1. if nums[L]+nums[R]>tartet : R-=1
2. if nums[L]+nums[R]<tartet : L+=1

2+13>12, At this time, the sum of the two numbers is greater than the target value , We move the right pointer , This will make the sum of two numbers smaller

2+11>12, At this time, the sum of the two numbers is greater than the target value , We move the right pointer , This will make the sum of two numbers smaller

2+7<12, At this time, the sum of the two numbers is less than the target value , We move the left pointer , In this way, the sum of two numbers can be made larger

3+7<12, At this time, the sum of the two numbers is less than the target value , We move the left pointer , In this way, the sum of two numbers can be made larger

5+7=12, Found a set of data .
You can see , The first step of double pointer is to sort the array , This will directly disrupt the order of the original array , So even if you get satisfied targe Two data of , It also needs to pass index Function mapping back

class Solution:
    def twoSum(self, nums: List[int], target: int) -> List[int]:
        arr = zip(nums,range(len(nums)))
        arr = sorted(arr, key=lambda x:x[0])
        l,r=0,len(nums)-1
        while l < r:
            print(l,r)
            if arr[l][0]+arr[r][0]>target:r-=1
            elif arr[l][0]+arr[r][0]<target:l+=1
            else: return arr[l][1],arr[r][1]

3. hash

Then I looked at another solution , It's also very clever , Use hash Table to store data . For a number in the array nums[i], We need to find a number that satisfies target-nums[i], That is to find whether there is a number in the original array nums[j]=target-nums[i], This turns into a search problem .

Sum of three numbers

Give you one containing n Array of integers nums, Judge nums Are there three elements in a,b,c , bring a + b + c = 0 ？ Please find out all and for 0 Triple without repetition .
Be careful ： Answer cannot contain duplicate triples .

Example 1：
Input ：nums = [-1,0,1,2,-1,-4]
Output ：[[-1,-1,2],[-1,0,1]]

1. Three levels of circulation （ Violent algorithms are fearless ）

The most direct idea is three levels for Loop to solve the combination of three arrays . However, during debugging, it is found that the same elements will appear in the array , This will lead to repeated results , For example 1, Due to repetition -1, Therefore, repetition also occurs in the process of circulation , That is the first one. -1 And the second -1 Can and 0,1 The combination meets the result , So twice .

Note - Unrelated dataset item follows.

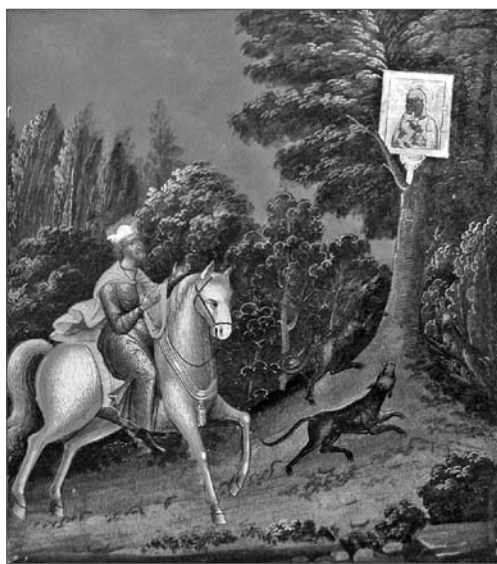
Явление чудотворной иконы князю Василию Ярославичу на охоте. Клеймо Феодоровской иконы Божией Матери письма XIX века.

Князь Василий Ярославич родился и стал костромским удельным князем в 1241 году. Икона явилась ему уже взрослому, когда он был уже в состоянии править княжеством сам, когда мог охотиться за зверями — словом, когда ему

[[-1,0,1],[-1,2,-1],[0,1,-1]]

class Solution:
    def threeSum(self, nums: List[int]) -> List[List[int]]:
        res = []
        n = len(nums)
        for i in range(n):
            for j in range(i+1,n):
                for k in range(j+1,n):
                    if nums[i] + nums[j] + nums[k] == 0:
                        res.append([nums[i],nums[j],nums[k]])
        return res

We can deal with the repetition problem by sorting the array , You can see there are two -1, I marked it in red and green respectively .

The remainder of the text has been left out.